CROWDS AND MACHINES - CHAPTER VI
THE IMAGINATION OF CROWDS
The modern imagination takes, speaking
roughly, three characteristic forms:
1. Imagination about the unseen
or intangible-the spiritual-as
especially typified in electricity, in the wireless
telegraph, the aeroplane: a new and extraordinary
sense of the invisible and the unproved as an energy
to be used and reckoned with.
2. Imagination about the future-a
new and extraordinary sense of what is going to happen
next in the world.
3. Imagination about people.
We are not only inventing new machines, but our new
machines have turned upon us and are creating new men.
The telephone changes the structure of the brain.
Men live in wider distances, and think in larger figures,
and become eligible to nobler and wider motives.

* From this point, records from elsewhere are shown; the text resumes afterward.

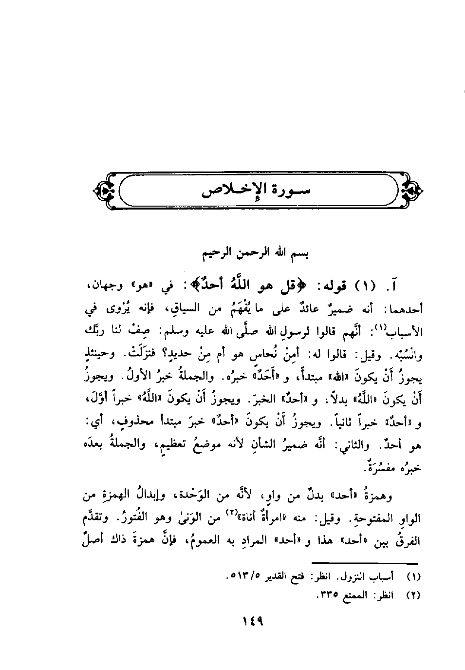 قوله: {قُلْ هُوَ الله أَحَدٌ} : في «هو» وجهان، أحدهما: أنه ضميرٌ عائدٌ على ما يفْهَمُ من السياقِ، فإنه يُرْوى في الأسباب: أنَّهم قالوا لرسولِ الله صلَّى الله عليه وسلم: صِفْ لنا ربَّك وانْسُبْه. وقيل: قالوا له: أمِنْ نُحاس هو أم مِنْ حديدٍ؟ فنَزَلَتْ. وحينئذٍ يجوزُ أَنْ يكونَ «الله» مبتدأً، و «أَحَدٌ» خبرُه. والجملةُ خبرُ الأولُ. ويجوزُ أَنْ يكونَ «اللَّهُ» بدلاً، و «أحدٌ» الخبرَ. ويجوزُ أَنْ يكونَ «اللَّهُ» خبراً أوَّلَ، و «أحدٌ» خبراً ثانياً. ويجوزُ أَنْ يكونَ «أحدٌ» خبرَ مبتدأ محذوفٍ، أي: هو أحدٌ. والثاني: أنَّه ضميرُ الشأنِ لأنه موضعُ تعظيمٍ، والجلمةُ بعدَه خبرُه مفسِّرِةٌ.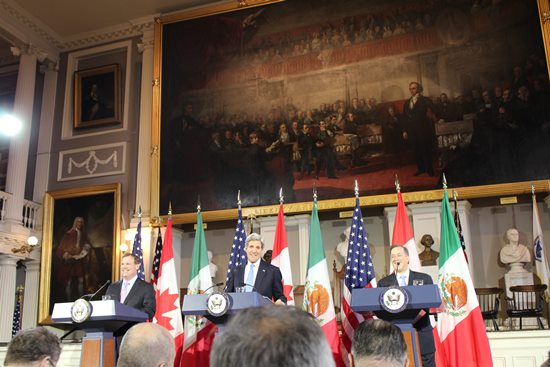 La reunión de este sábado marcó la sesión final de un encuentro de dos días en el que, además de Meade, participó el secretario estadunidense de Estado, John Kerry, y el canciller canadiense John Baird.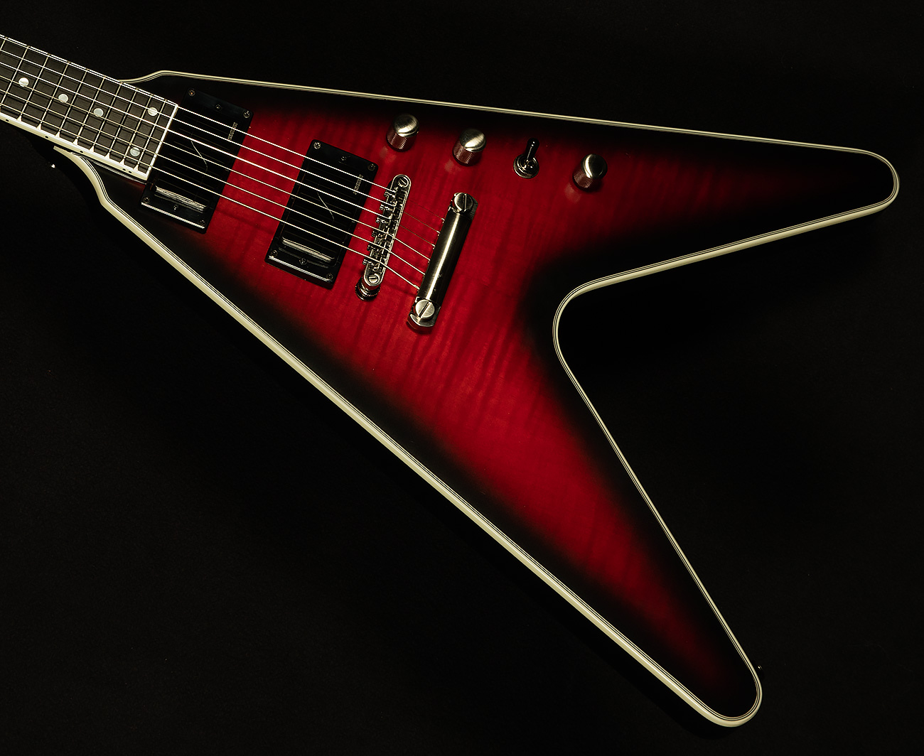 Take it to the stage, and all eyes will be on you, thanks to the AAA flame maple veneer top and sinister Aged Dark Red Burst finish, complemented by brushed black nickel hardware for the ultimate metal look. Includes a custom hardshell case.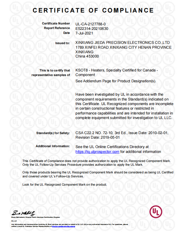 2022年產(chǎn)品通過UL認證。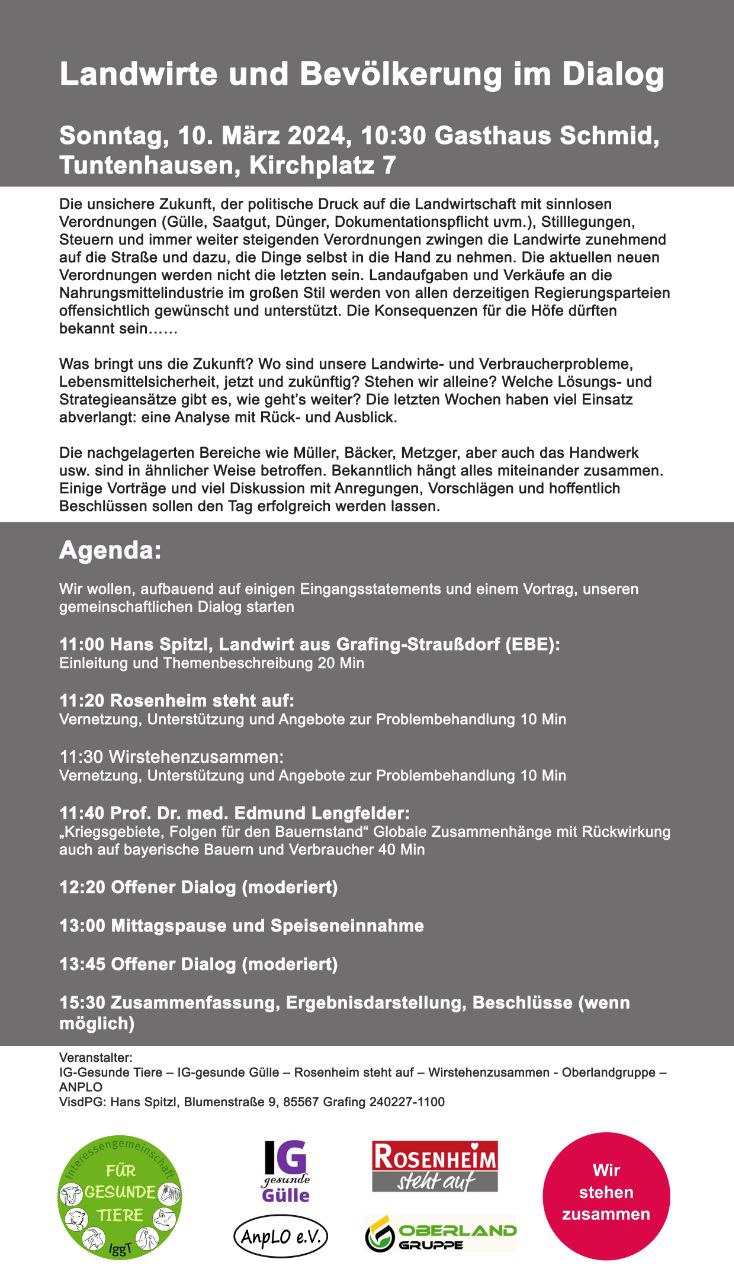 IG-Gesunde Tiere – IG-gesunde Gülle – Rosenheim steht auf – Wirstehenzusammen - Oberlandgruppe – ANPLO

Imagination about the unseen is going
to give us in an incredible degree the mastery of
the spirit over matter.
Imagination about the future is going
to make the next few hundred years an organic part
of every man’s life to-day.
The imagination of men about themselves
and other people is going to give us a race of men
with new motives; or, to put it differently, it is
going to give us not only new sizes but new kinds of
men. People are going to achieve impossibilities
in goodness, and our inventions in human nature are
going to keep up with our other inventions.